More pictures from here oregon manifest 2011 - a set on Flickr

I don't know anything about it, or the Oregon Manifest. I just came across the pic and thought some of you guys might like to see it.

I do wonder if it has a rear diff though, it's hard to tell.


----------



## marks_bike (Aug 22, 2006)

Man that looks fun!


----------



## jgerhardt (Aug 31, 2009)

Man that looks HEAVY!


----------



## JaquesN (Sep 14, 2009)

Rear view from Flickr.


DSCF1311 by Tomas.Quinones, on Flickr

Still can't tell if it's a differential.


----------



## Kavik (Apr 13, 2007)

Contes Engineering


----------



## jgerhardt (Aug 31, 2009)

Kavik said:


> Contes Engineering


Thanks for the link, they have some video's on the site showing the thing in action. Looks pretty fun.


----------



## todwil (Feb 1, 2007)

Saw this at Interbike they had a video playing, with them riding it at a BMX track looked like a lot of fun I think the guy told us it weighed 45#


----------



## coffeecup (Sep 28, 2011)

*Quad brakes*

For some reason the pics don't display on my system. 

Does your quad have disc brakes? I am interested in how you did the mounts.

CC


----------



## Walt (Jan 23, 2004)

*Even more fun if...*

It's neat, but fun? Fun would be taking away 2 of the wheels and 3/4 of the weight and going for a ride where you could lean steer and bunnyhop and stuff...

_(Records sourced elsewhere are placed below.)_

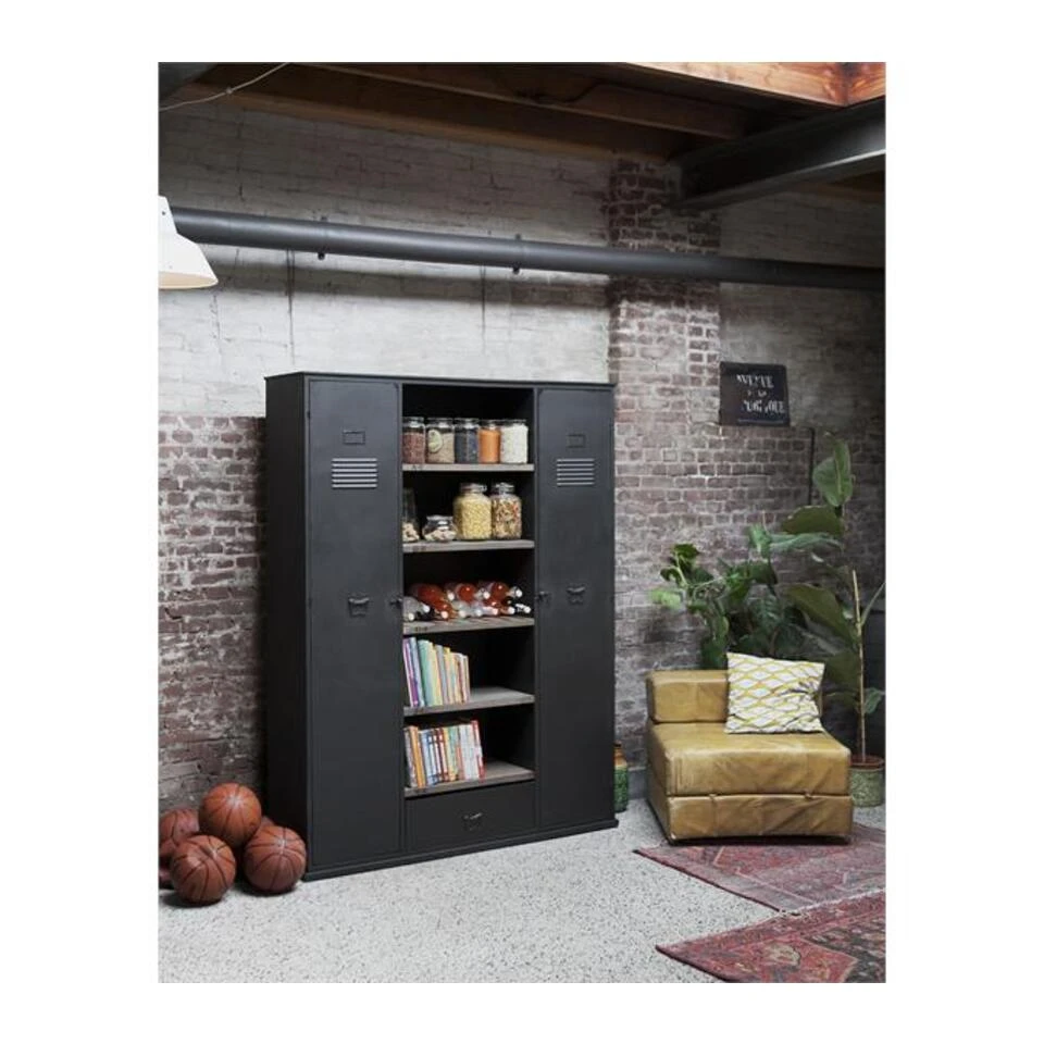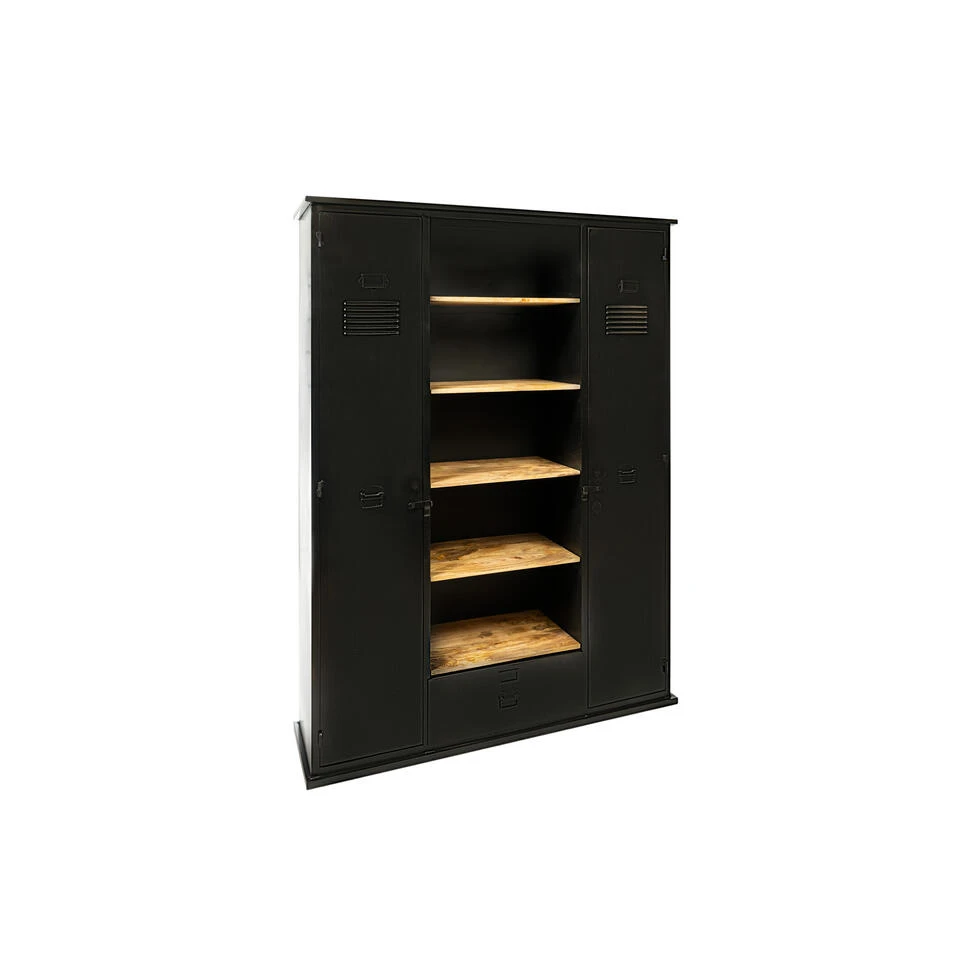De toffe industriële elementen van deze kast, zoals de ventilatieroosters en de kadertjes voor nametags die je kent van oude lockers, omlijsten jouw bezittingen. De stoere sluitingshaakjes en scharnierende greepjes geven het geheel een robuuste kwaliteit, en dat alles voor een betaalbare prijs!
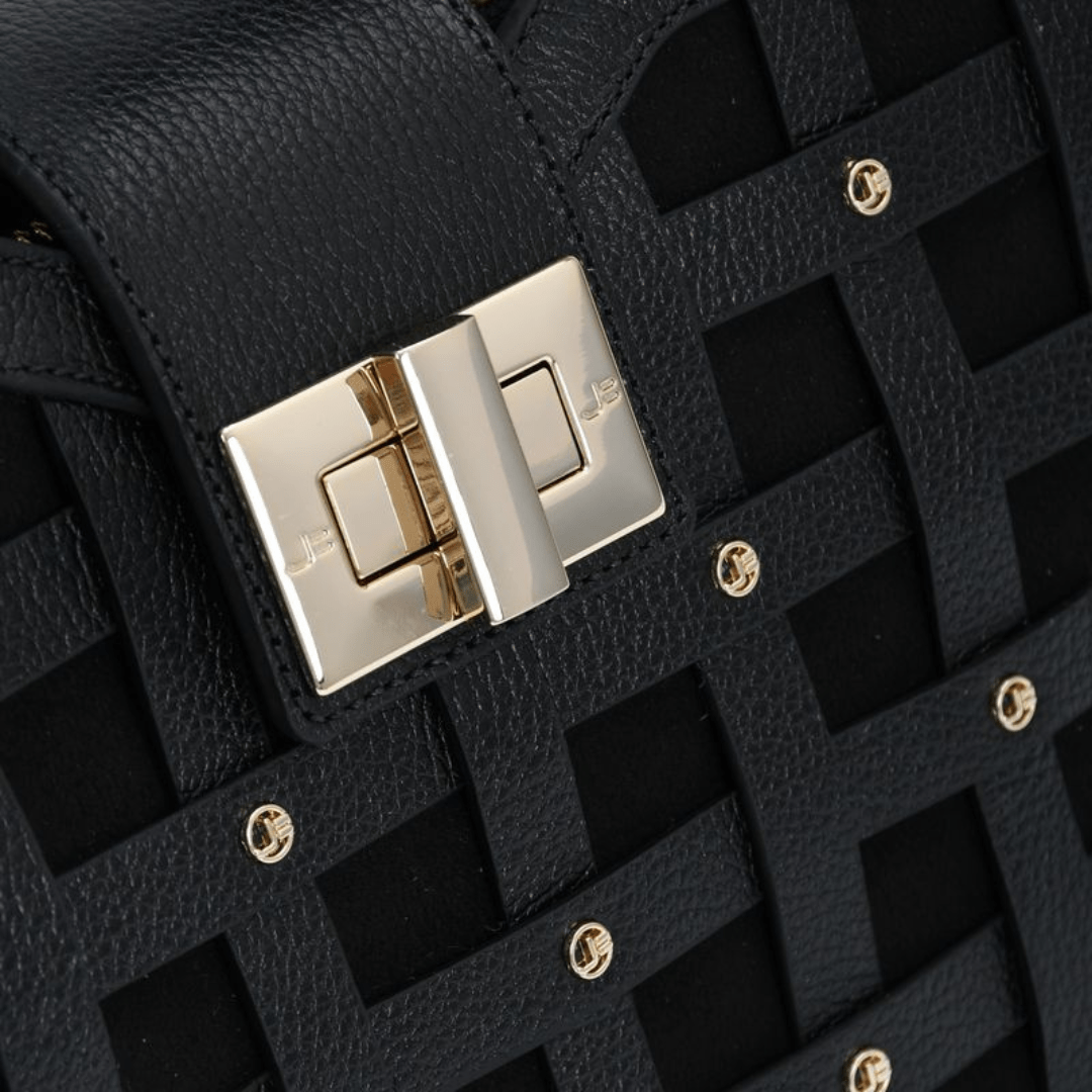 Design autoral e elegante com detalhe frontal em couro recortado e mandalas JB douradas.
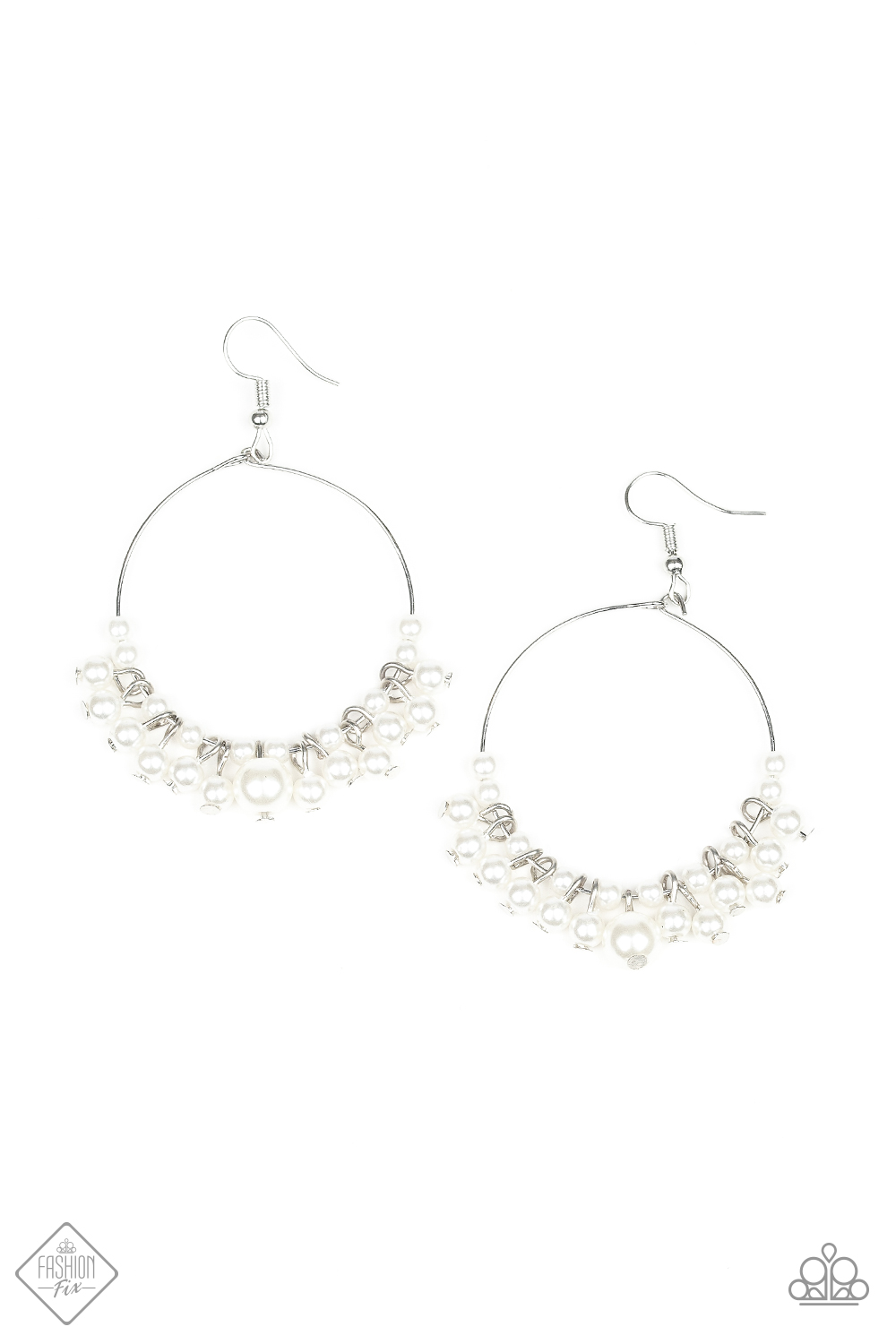 A fringe of white pearls dances along the bottom of a skinny silver wire hoop, creating a carefree take on a timeless classic. Earring attaches to a standard fishhook fitting.

If you're going with more than 2 wheels, may as well go all the way.

-Walt



marks_bike said:


> Man that looks fun!


----------



## coffeecup (Sep 28, 2011)

Walt said:


> It's neat, but fun? Fun would be taking away 2 of the wheels and 3/4 of the weight and going for a ride where you could lean steer and bunnyhop and stuff...
> 
> If you're going with more than 2 wheels, may as well (link)
> -Walt


Well, yes... but I will be mounting these brakes on off road wheelchairs, and the 3+ wheel design is somehow standard in that business... 

CC


----------



## David C (May 25, 2011)

I'd put some 2.4 tires on that thing and rip up the DH section


----------



## Drew Diller (Jan 4, 2010)

I'd heard one very practical use case for a quad cycle: someone who has suffered brain damage in the part that controls balance. Like this one: http://forums.mtbr.com/fat-bikes/fat-quad-cycle-650121.html

Pretty neat, but otherwise, no thanks.


----------



## Schmucker (Aug 23, 2007)

Maybe if it had an electric motor... and could go 60mph...


----------



## ChazB (Jul 27, 2011)

wont be able to take it on single tracks! i am out


----------